Мы переходим от текстовых сообщений к голосовым. От голосовых – к настоящему разговору перед сном длиной в пятьдесят три минуты.

С первых секунд я влюблен в его голос. Ритм, темп, тембр, контроль над инструментом. Пройдет много месяцев, я обнаглею и попрошу его читать мне на ночь. Любимые книги заговорят его голосом, а я вернусь в детство.

Но это будет потом. Сейчас он – голос и несколько селфи у окна. Острые скулы, красивые волосы, придурковатая улыбка. Все как я люблю. Мы говорим о музыке: моя любовь к Вагнеру, техно, Шаде, и к группе разношерстных музыкальных артистов, собранных мной в «квир-батальон». Это мои люди!

Ему есть что ответить. Глубокие знания музыковеда, помноженные на чуткое ухо. Он говорит долго, красиво, вдохновенно и занудно. Он гордый зануда, и это то, что надо. При встрече со мной он будет часто переходить в режим, который я окрещу «Вечернее Радио». Озвучивая все свои мысли и наблюдения, он вызывает во мне то раздражение, то радость от возможности расслабиться и слушать, изредка поддакивая. Просто я всю неделю не видел тебя и мне так хочется всем-всем с тобой поделиться. Он всегда говорит это с подростковой интонацией и обезоруживает меня наповал.

Мы встретимся первый раз вечером в последнюю пятницу марта. Я выйду из дома в 20:20. На карте видно, как два кружочка-аватара, ведомые данными геолокации, уверенно приближаются друг к другу. Я выпил для храбрости. В ушах что-то веселое.

Рост, осанка, взгляд, широкие плечи и уверенная улыбка. Все это вдобавок к уже знакомому голосу. Чутье подсказывает: мы будем чертовски хорошо смотреться вместе. А давай купим бутылку вина и пойдем в парк сидеть на скамейке и общаться? Он радостно соглашается.

В парке людно для девяти вечера. Мимо нашей скамейки проходят разнополые парочки разных возрастов и взглядов на жизнь. Интересно, мы сильно выбиваемся на фоне этого парада разнополой любви, думаю я, а он вдруг выпаливает: У меня жена и сын, я четыре года назад ушел из семьи, но мы так и не развелись, она не знает, я боролся с собой до последнего, я думал что брак поможет мне, но вместо этого я начал умирать, нельзя не быть собой, организм сдается, мне пришлось сбежать, понимаешь, я очень люблю сына, я…
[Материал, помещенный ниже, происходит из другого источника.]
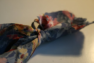 Schritt drei: Am Ende knotet ihr wieder mit einem Stückchen Stoff fest, jedoch so, dass der Anfang mit im
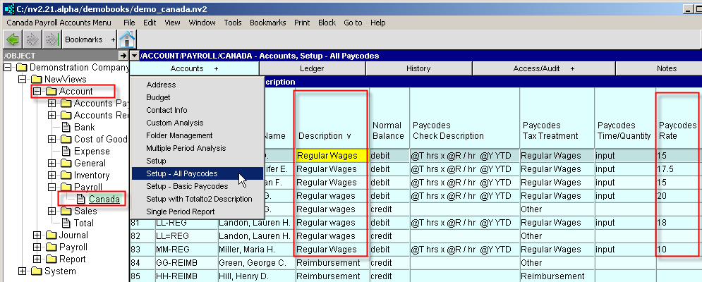 To edit a block of identical payroll accounts, navigate to the /ACCOUNTS/PAYROLL/CANADA. On the blue account table, switch to an appropriate Setup - Payroll view. See Setup - Paycodes below for more.
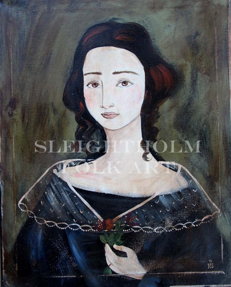 My love for Early American portraits inspired me to create this painting, that I decided to call “Mrs. Hawthorne.” Whoever buys her can give her her first name:
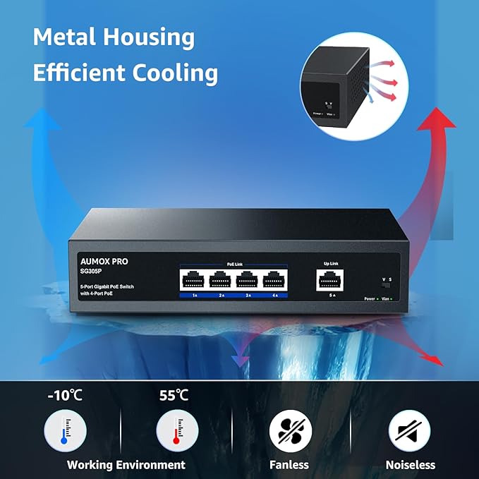 - 【Metal case】AUMOX PRO 4 port PoE switch is protected by high-quality metal casing to ensure a long product life. Having passed an array of stringent reliability tests, AUMOX PRO switch delivers switching performance you can depend on

Ритм, темп, тембр, контроль над инструментом.

Моя любимая шутка первые несколько месяцев будет о его гетеронормативности во взглядах и суждениях, местами похожих на внутреннюю гомофобию. Мой лучший друг скажет, что в этот раз я превзошел сам себя, охомутав натурала. Однажды эта гетеронормативность послужит поводом для конфликта ценностей и столкнется с моей воинственной квир-гордостью. Пойми, я гей всего лишь 4 года. Все остальное время я забивал в себе все это. Многое для меня непонятно. Я учусь. Прости.

Я должен отдать ему должное – он быстро учится. Мои лекции о квир-теории (Наш гендер и ориентация предопределяются не только нашей биологией, но и окружением, и личным воспитанием), реклейминге слова «пидор» (Я пидор твоей мечты!), истории и культуре нашего квир-племени – имеют положительный эффект.

Нам не нужно подстраиваться под общие правила, понимаешь? Мы два мужика и должны строить отношения с этим знанием в голове.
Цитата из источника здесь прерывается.